═══ Exercise material

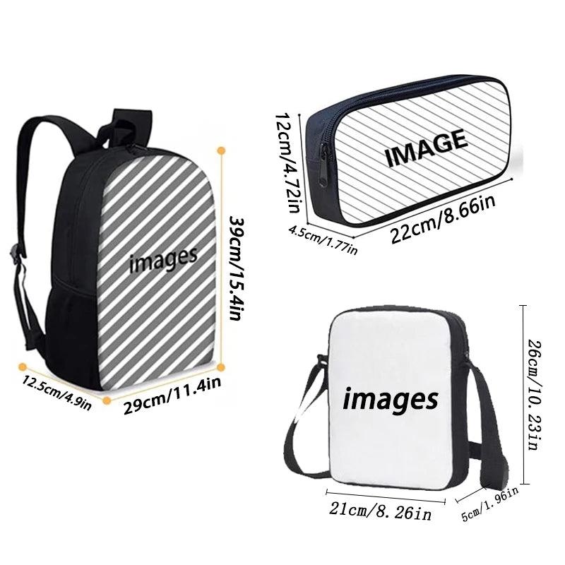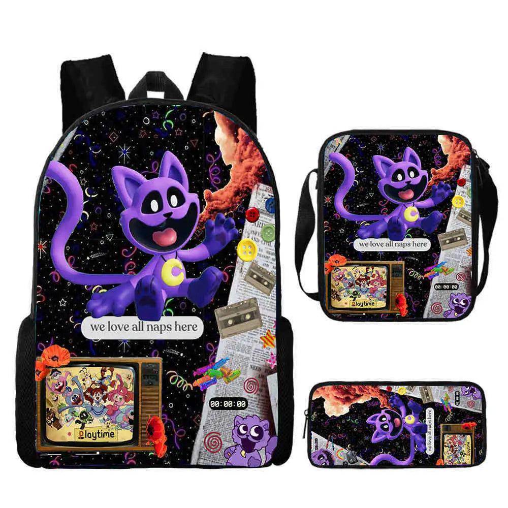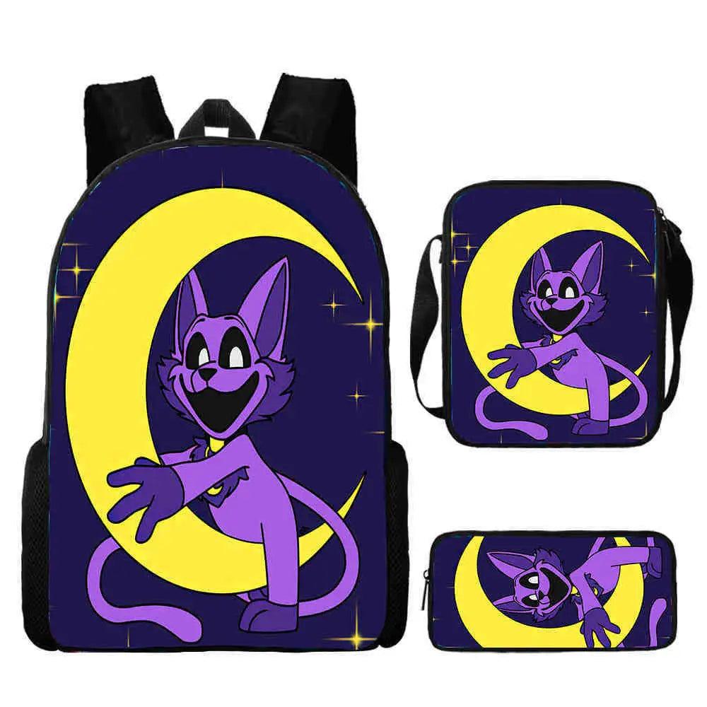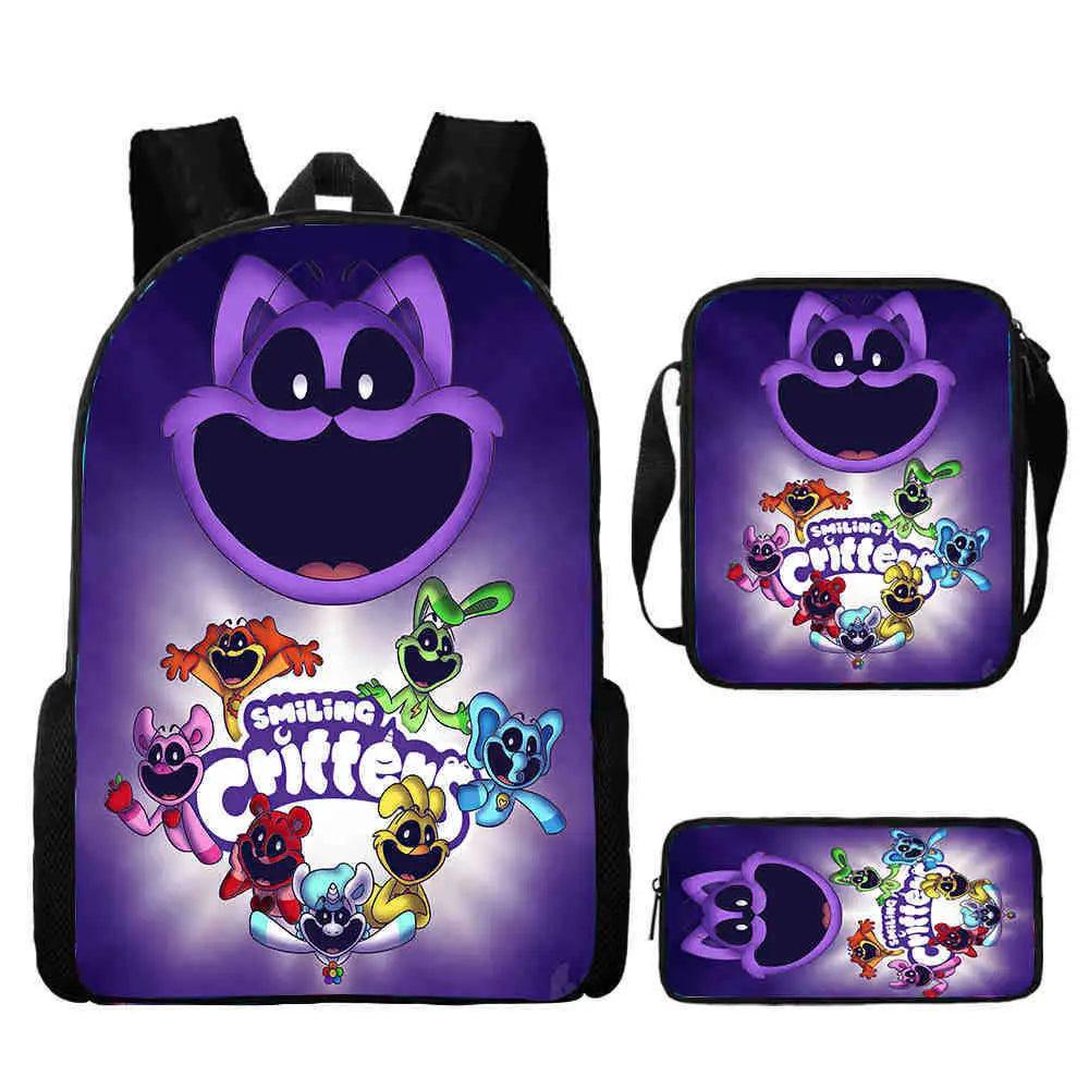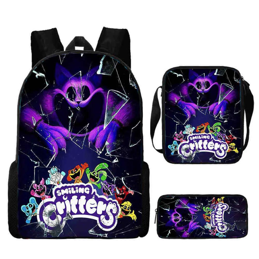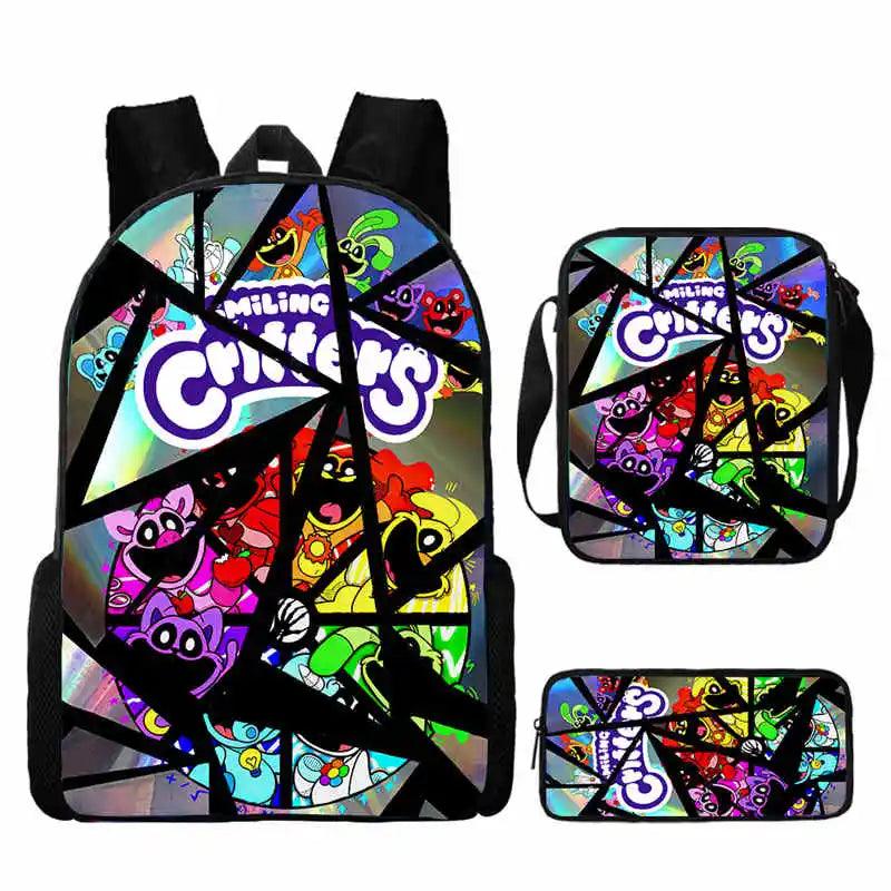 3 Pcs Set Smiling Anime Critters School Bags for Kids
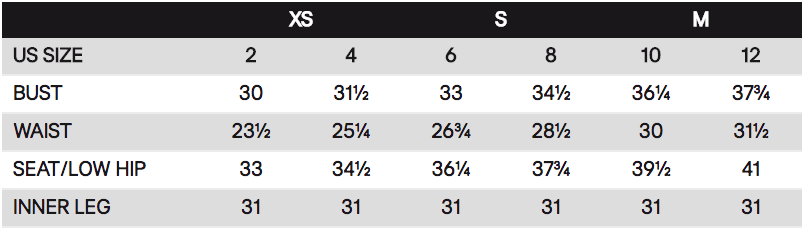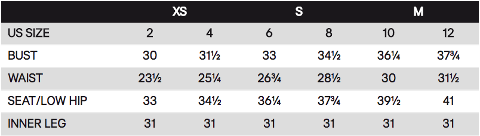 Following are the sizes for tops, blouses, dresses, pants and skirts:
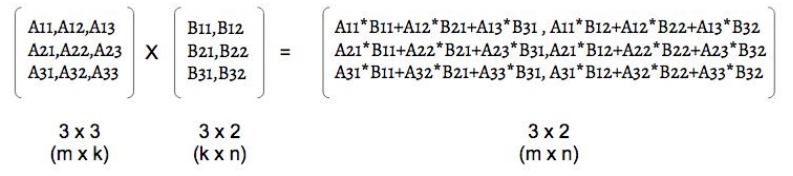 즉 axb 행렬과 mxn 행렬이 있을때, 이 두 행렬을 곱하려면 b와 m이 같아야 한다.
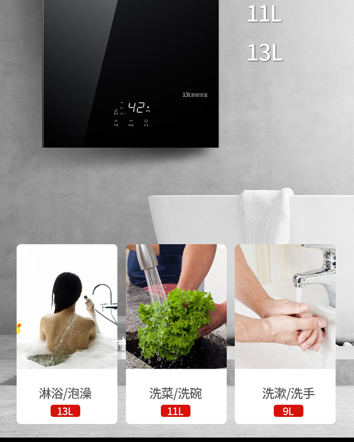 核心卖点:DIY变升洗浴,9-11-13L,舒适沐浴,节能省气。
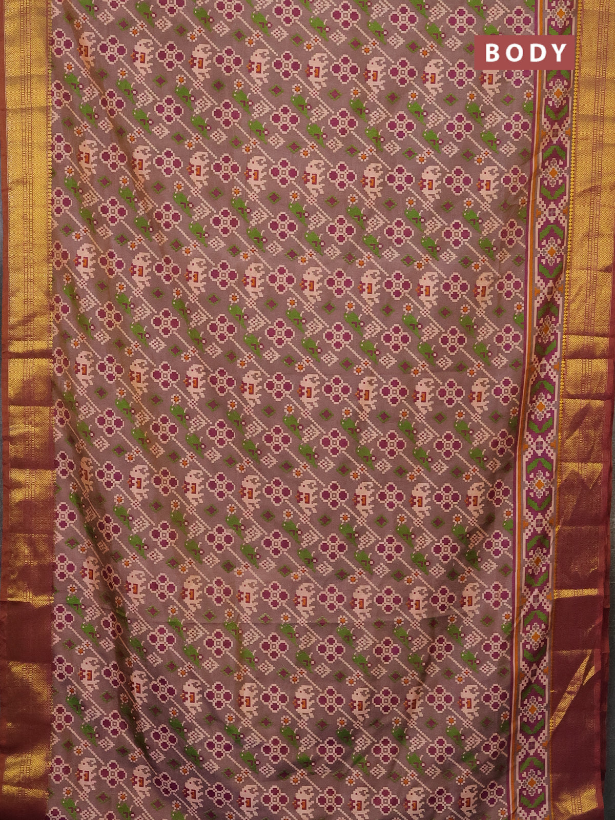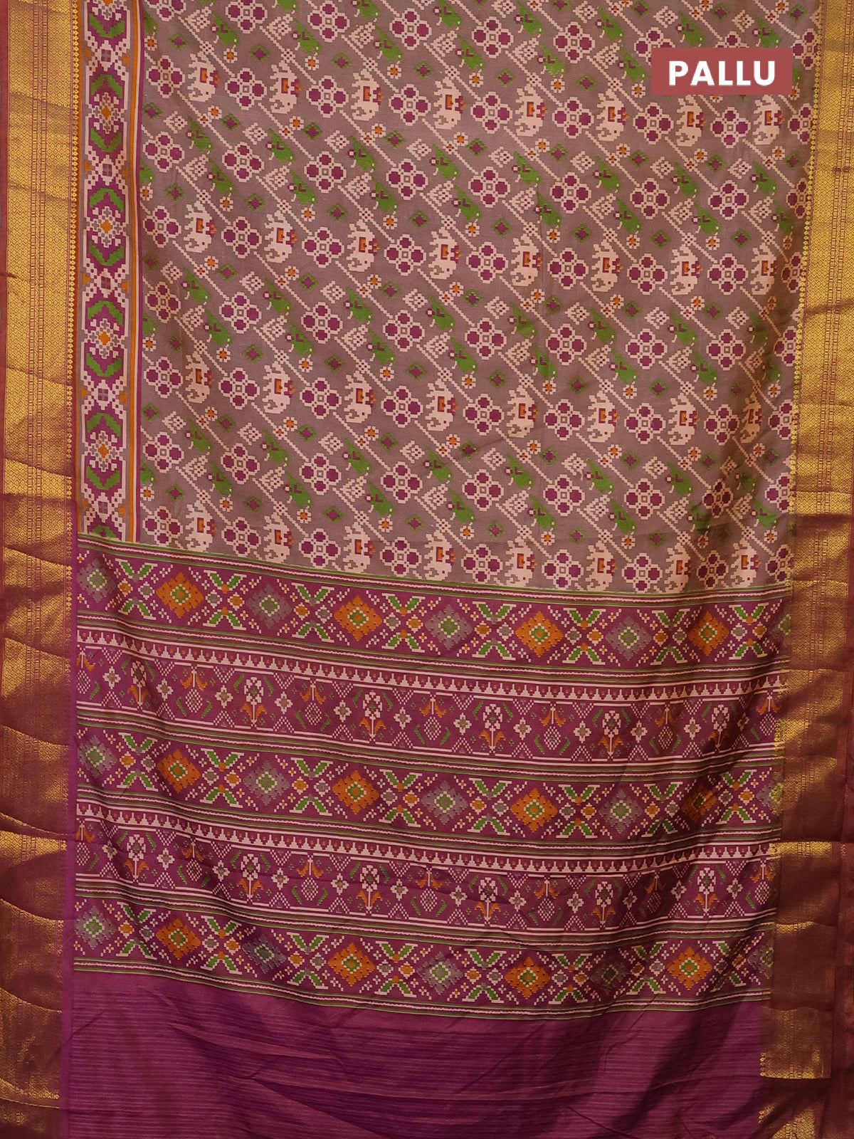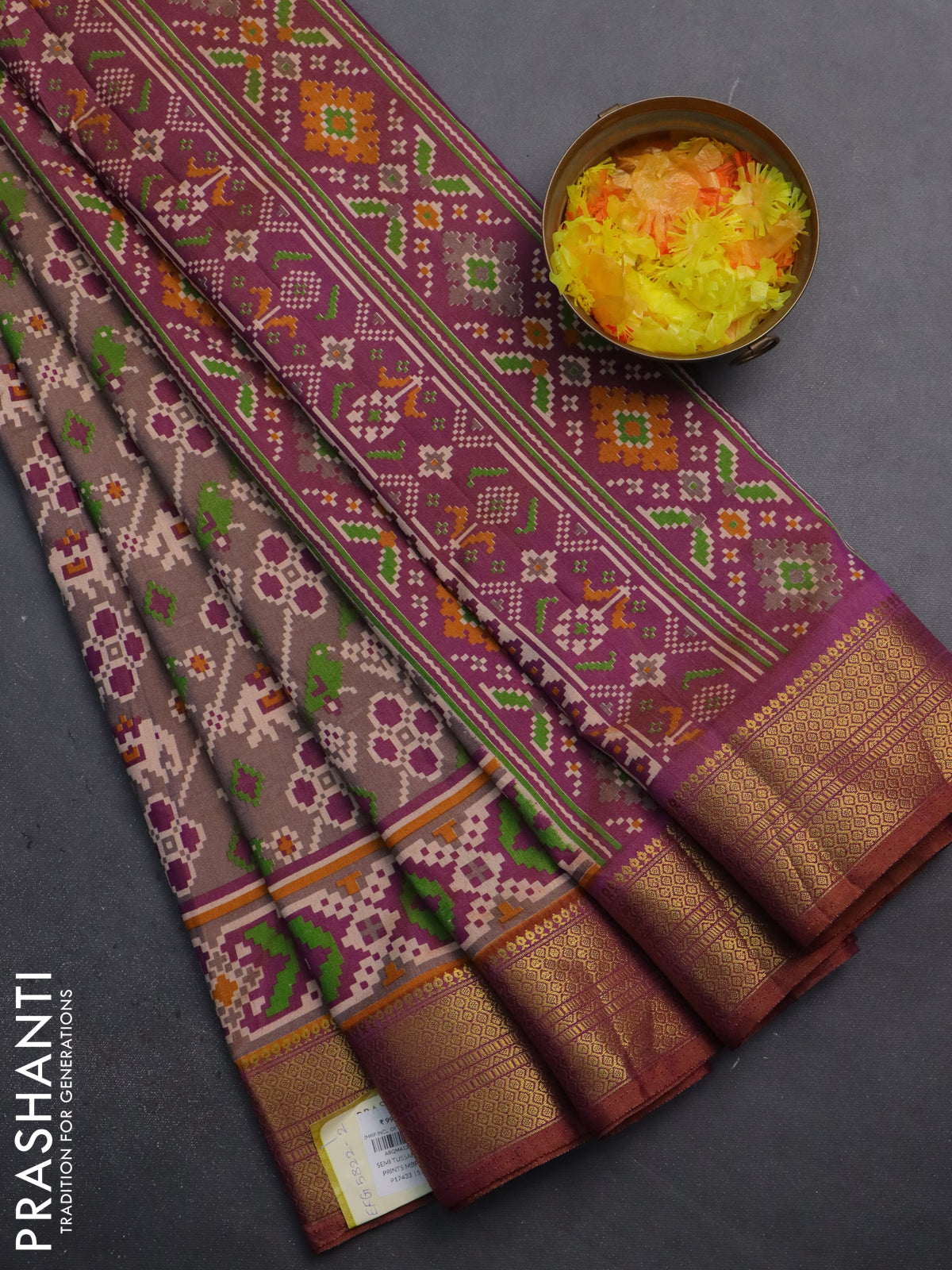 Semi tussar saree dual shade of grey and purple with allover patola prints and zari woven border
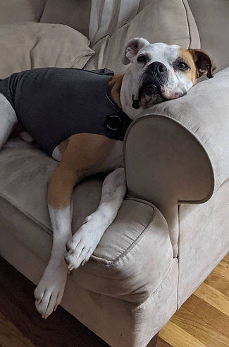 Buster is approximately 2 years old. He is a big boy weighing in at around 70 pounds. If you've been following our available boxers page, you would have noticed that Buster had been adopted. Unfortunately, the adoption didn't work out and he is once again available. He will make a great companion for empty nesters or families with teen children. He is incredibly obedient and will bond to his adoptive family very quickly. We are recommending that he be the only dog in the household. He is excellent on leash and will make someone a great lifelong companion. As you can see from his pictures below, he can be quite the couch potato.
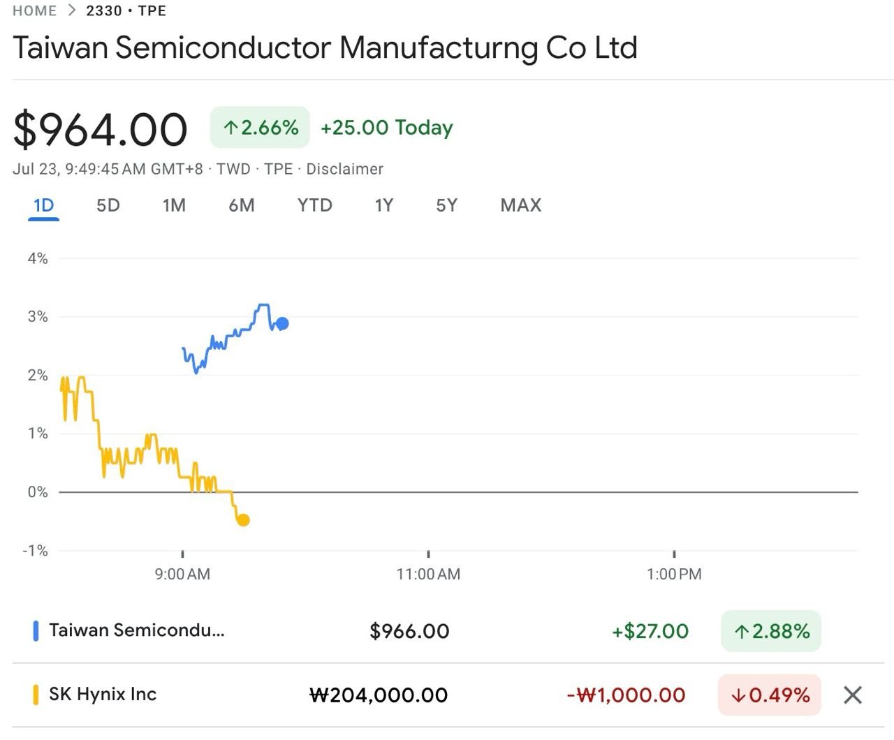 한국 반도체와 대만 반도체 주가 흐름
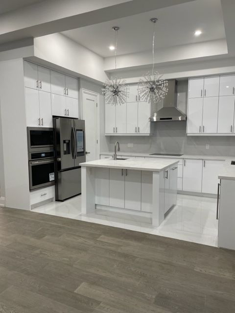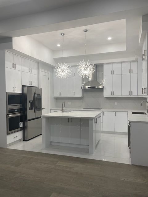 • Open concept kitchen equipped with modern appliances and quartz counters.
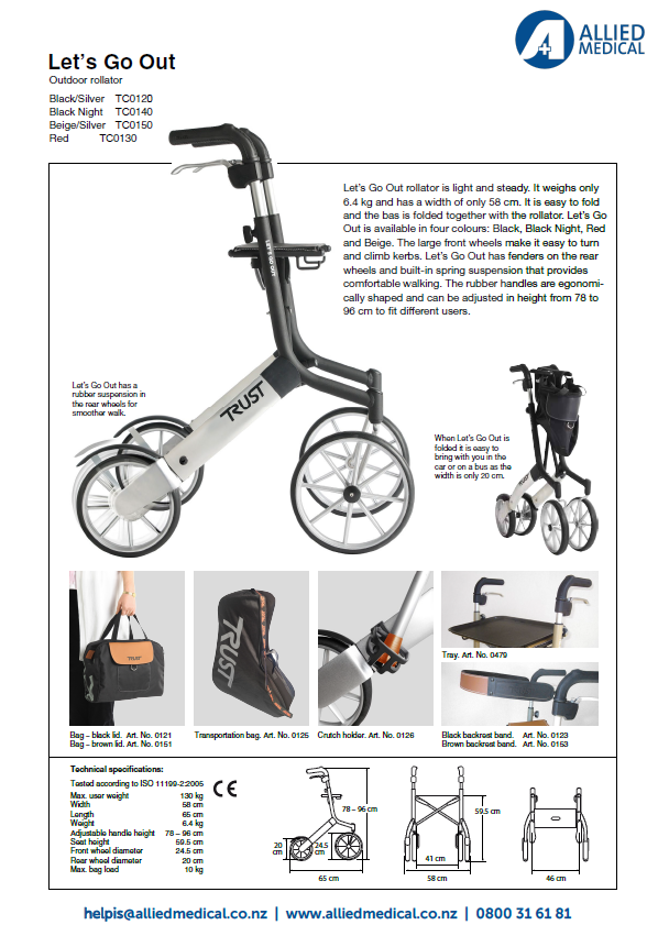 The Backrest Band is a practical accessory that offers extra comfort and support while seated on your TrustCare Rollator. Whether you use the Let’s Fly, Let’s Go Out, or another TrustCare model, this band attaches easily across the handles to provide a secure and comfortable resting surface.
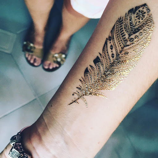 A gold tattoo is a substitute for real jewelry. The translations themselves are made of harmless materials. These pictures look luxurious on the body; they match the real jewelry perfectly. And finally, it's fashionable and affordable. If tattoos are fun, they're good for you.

══════

[What you have to do] Give back the full listing exactly, with pictures dropped.

[Solution]
 3 Pcs Set Smiling Anime Critters School Bags for Kids
 Following are the sizes for tops, blouses, dresses, pants and skirts:
 즉 axb 행렬과 mxn 행렬이 있을때, 이 두 행렬을 곱하려면 b와 m이 같아야 한다.
 核心卖点:DIY变升洗浴,9-11-13L,舒适沐浴,节能省气。
 Semi tussar saree dual shade of grey and purple with allover patola prints and zari woven border
 Buster is approximately 2 years old. He is a big boy weighing in at around 70 pounds. If you've been following our available boxers page, you would have noticed that Buster had been adopted. Unfortunately, the adoption didn't work out and he is once again available. He will make a great companion for empty nesters or families with teen children. He is incredibly obedient and will bond to his adoptive family very quickly. We are recommending that he be the only dog in the household. He is excellent on leash and will make someone a great lifelong companion. As you can see from his pictures below, he can be quite the couch potato.
 한국 반도체와 대만 반도체 주가 흐름
 • Open concept kitchen equipped with modern appliances and quartz counters.
 The Backrest Band is a practical accessory that offers extra comfort and support while seated on your TrustCare Rollator. Whether you use the Let’s Fly, Let’s Go Out, or another TrustCare model, this band attaches easily across the handles to provide a secure and comfortable resting surface.
 A gold tattoo is a substitute for real jewelry. The translations themselves are made of harmless materials. These pictures look luxurious on the body; they match the real jewelry perfectly. And finally, it's fashionable and affordable. If tattoos are fun, they're good for you.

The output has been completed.